[Stored dataset items]
————

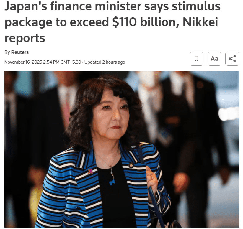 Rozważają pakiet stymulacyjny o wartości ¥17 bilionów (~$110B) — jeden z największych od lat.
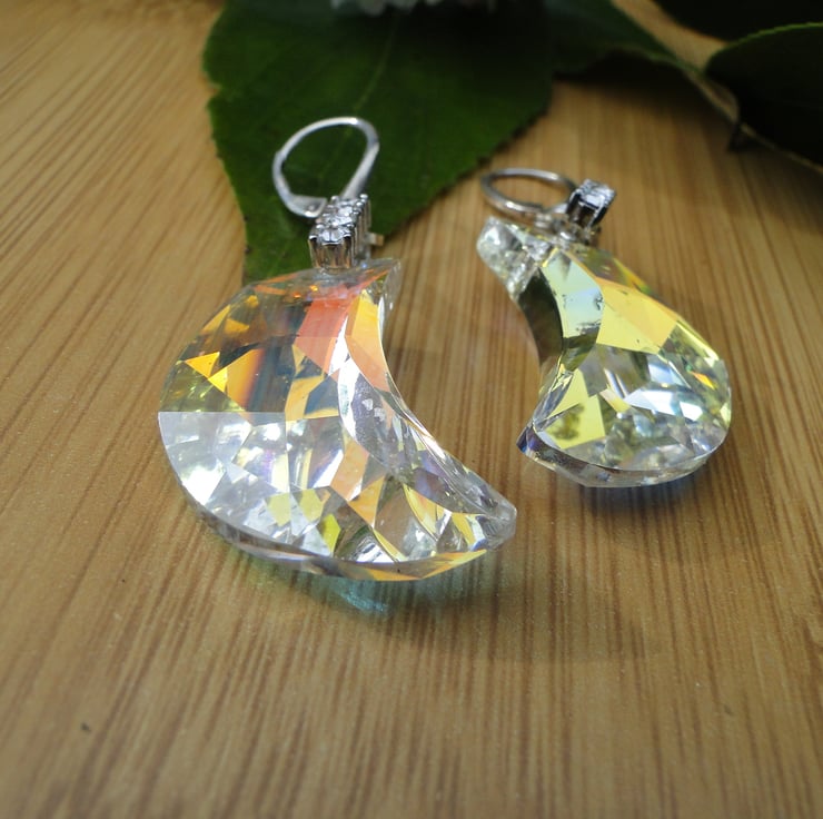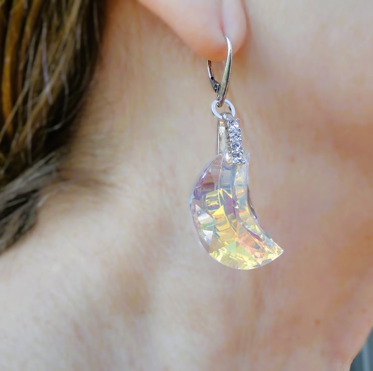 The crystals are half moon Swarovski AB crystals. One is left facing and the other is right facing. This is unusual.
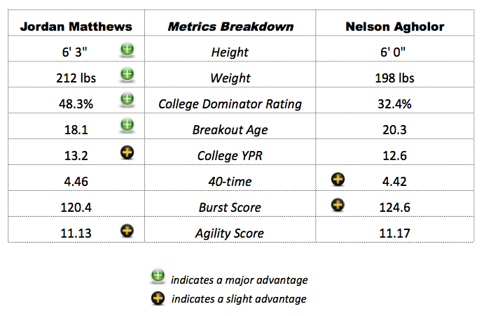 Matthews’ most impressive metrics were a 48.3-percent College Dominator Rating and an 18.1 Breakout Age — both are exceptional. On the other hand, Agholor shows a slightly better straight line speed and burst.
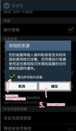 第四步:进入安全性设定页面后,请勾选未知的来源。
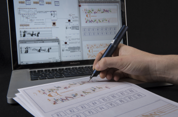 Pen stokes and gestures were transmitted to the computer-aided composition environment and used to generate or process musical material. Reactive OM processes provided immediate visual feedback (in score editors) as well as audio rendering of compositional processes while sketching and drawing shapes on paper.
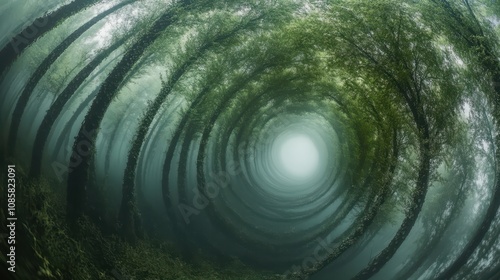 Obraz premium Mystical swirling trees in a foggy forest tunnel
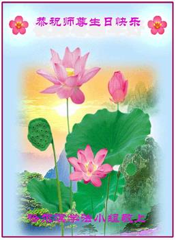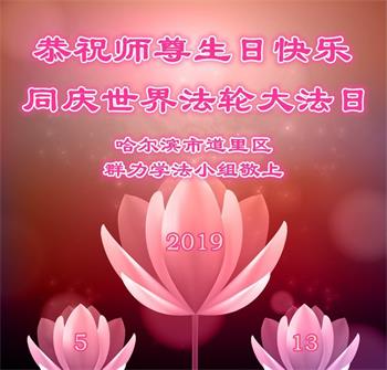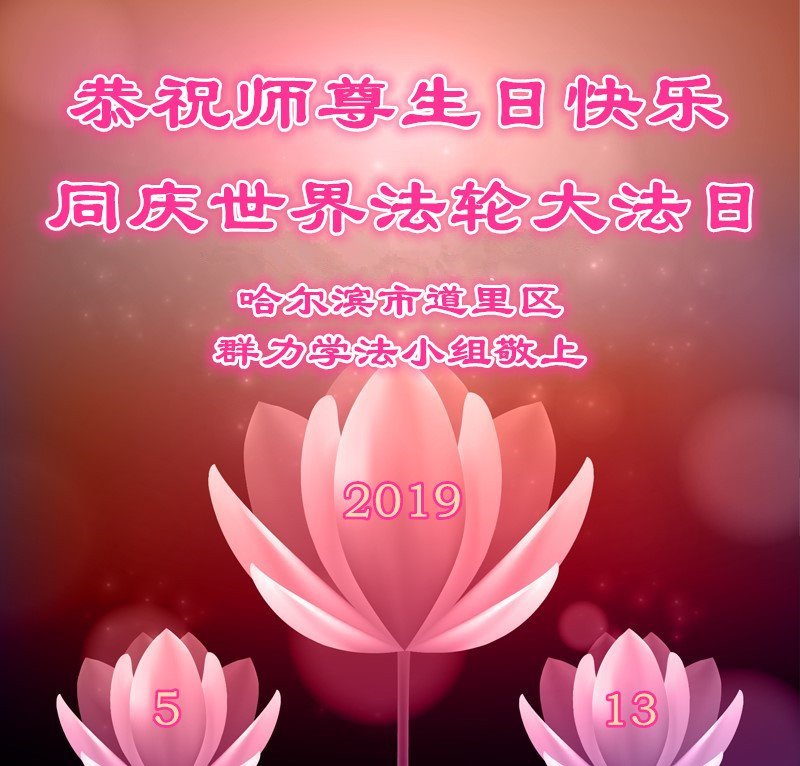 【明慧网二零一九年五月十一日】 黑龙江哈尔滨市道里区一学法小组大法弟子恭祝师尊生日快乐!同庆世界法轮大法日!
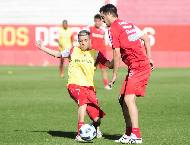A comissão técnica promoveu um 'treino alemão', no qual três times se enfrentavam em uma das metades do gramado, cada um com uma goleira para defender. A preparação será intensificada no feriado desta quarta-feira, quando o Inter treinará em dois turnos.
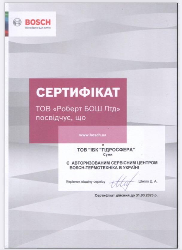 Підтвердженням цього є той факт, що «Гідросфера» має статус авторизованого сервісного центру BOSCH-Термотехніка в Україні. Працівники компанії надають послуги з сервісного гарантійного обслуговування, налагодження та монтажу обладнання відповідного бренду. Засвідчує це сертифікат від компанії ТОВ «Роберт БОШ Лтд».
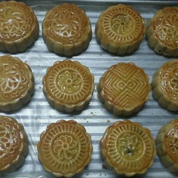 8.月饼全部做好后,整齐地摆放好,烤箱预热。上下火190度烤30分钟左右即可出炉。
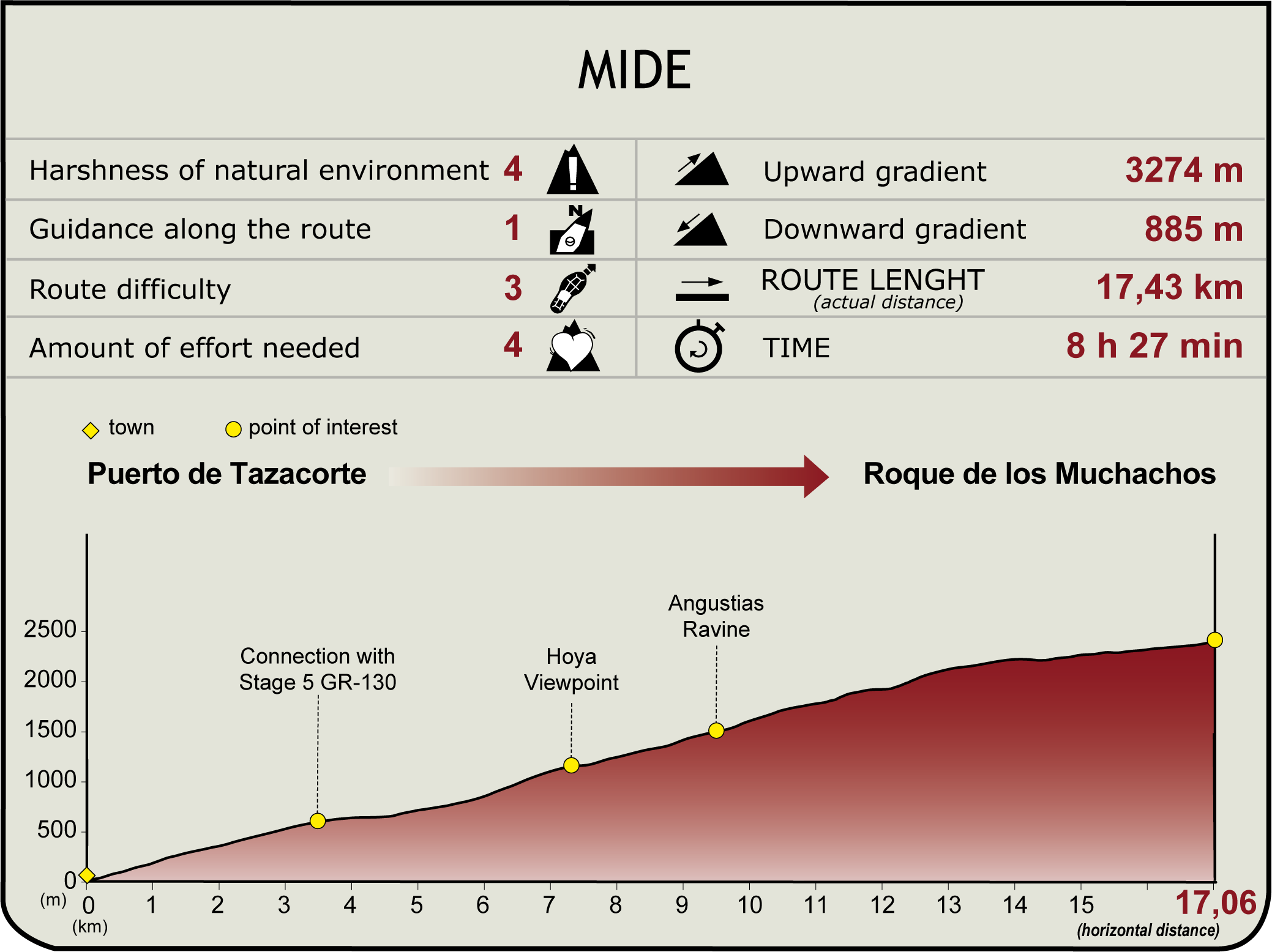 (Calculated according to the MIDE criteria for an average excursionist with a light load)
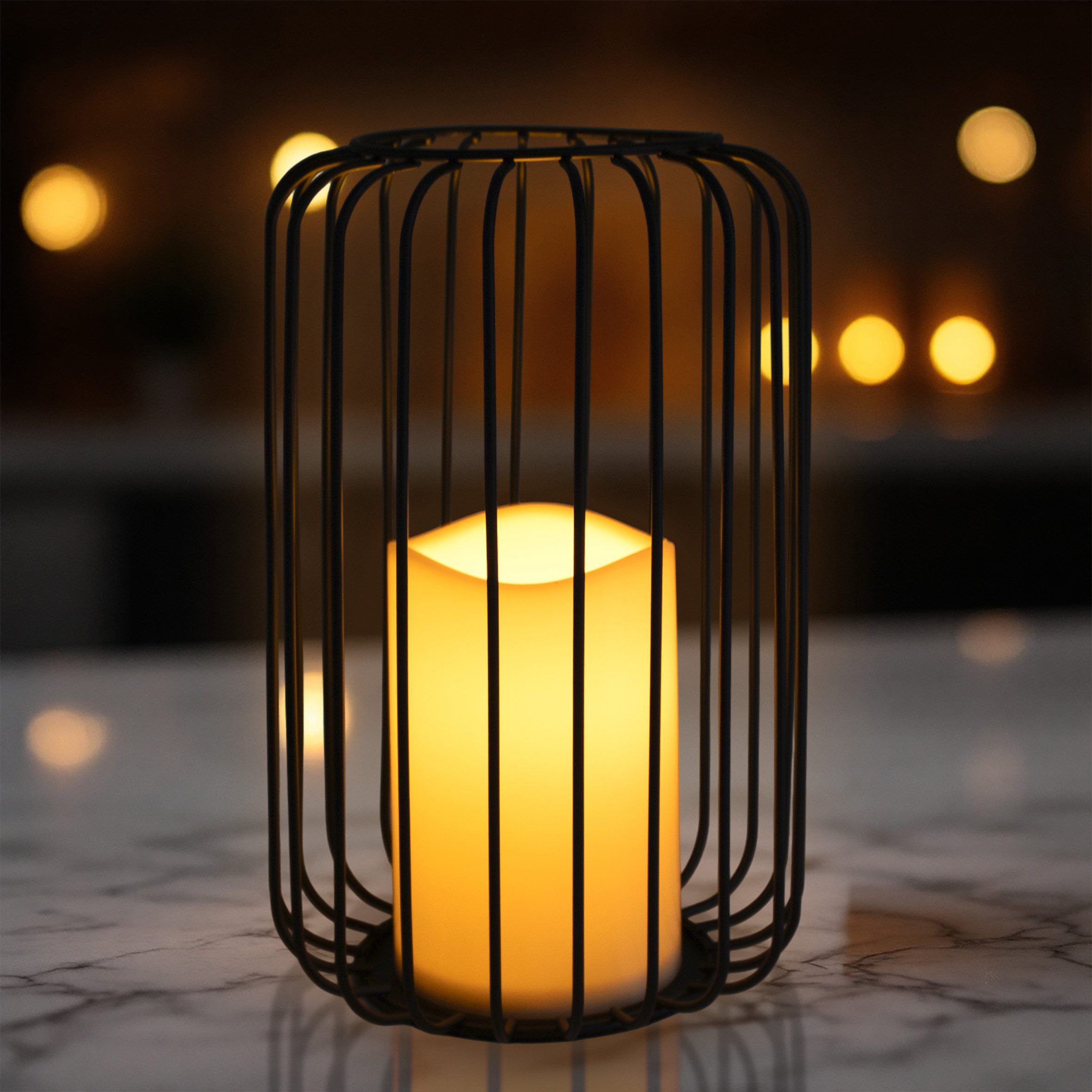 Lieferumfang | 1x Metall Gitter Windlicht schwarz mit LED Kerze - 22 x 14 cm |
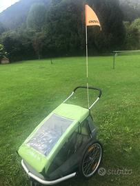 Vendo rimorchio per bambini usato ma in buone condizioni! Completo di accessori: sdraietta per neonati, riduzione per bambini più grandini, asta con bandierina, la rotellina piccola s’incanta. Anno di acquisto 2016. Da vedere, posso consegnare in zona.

————

Omit the pictures and set down the records exactly.

Task output:
 Rozważają pakiet stymulacyjny o wartości ¥17 bilionów (~$110B) — jeden z największych od lat.
 The crystals are half moon Swarovski AB crystals. One is left facing and the other is right facing. This is unusual.
 Matthews’ most impressive metrics were a 48.3-percent College Dominator Rating and an 18.1 Breakout Age — both are exceptional. On the other hand, Agholor shows a slightly better straight line speed and burst.
 第四步:进入安全性设定页面后,请勾选未知的来源。
 Pen stokes and gestures were transmitted to the computer-aided composition environment and used to generate or process musical material. Reactive OM processes provided immediate visual feedback (in score editors) as well as audio rendering of compositional processes while sketching and drawing shapes on paper.
 Obraz premium Mystical swirling trees in a foggy forest tunnel
 【明慧网二零一九年五月十一日】 黑龙江哈尔滨市道里区一学法小组大法弟子恭祝师尊生日快乐!同庆世界法轮大法日!
A comissão técnica promoveu um 'treino alemão', no qual três times se enfrentavam em uma das metades do gramado, cada um com uma goleira para defender. A preparação será intensificada no feriado desta quarta-feira, quando o Inter treinará em dois turnos.
 Підтвердженням цього є той факт, що «Гідросфера» має статус авторизованого сервісного центру BOSCH-Термотехніка в Україні. Працівники компанії надають послуги з сервісного гарантійного обслуговування, налагодження та монтажу обладнання відповідного бренду. Засвідчує це сертифікат від компанії ТОВ «Роберт БОШ Лтд».
 8.月饼全部做好后,整齐地摆放好,烤箱预热。上下火190度烤30分钟左右即可出炉。
 (Calculated according to the MIDE criteria for an average excursionist with a light load)
 Lieferumfang | 1x Metall Gitter Windlicht schwarz mit LED Kerze - 22 x 14 cm |
 Vendo rimorchio per bambini usato ma in buone condizioni! Completo di accessori: sdraietta per neonati, riduzione per bambini più grandini, asta con bandierina, la rotellina piccola s’incanta. Anno di acquisto 2016. Da vedere, posso consegnare in zona.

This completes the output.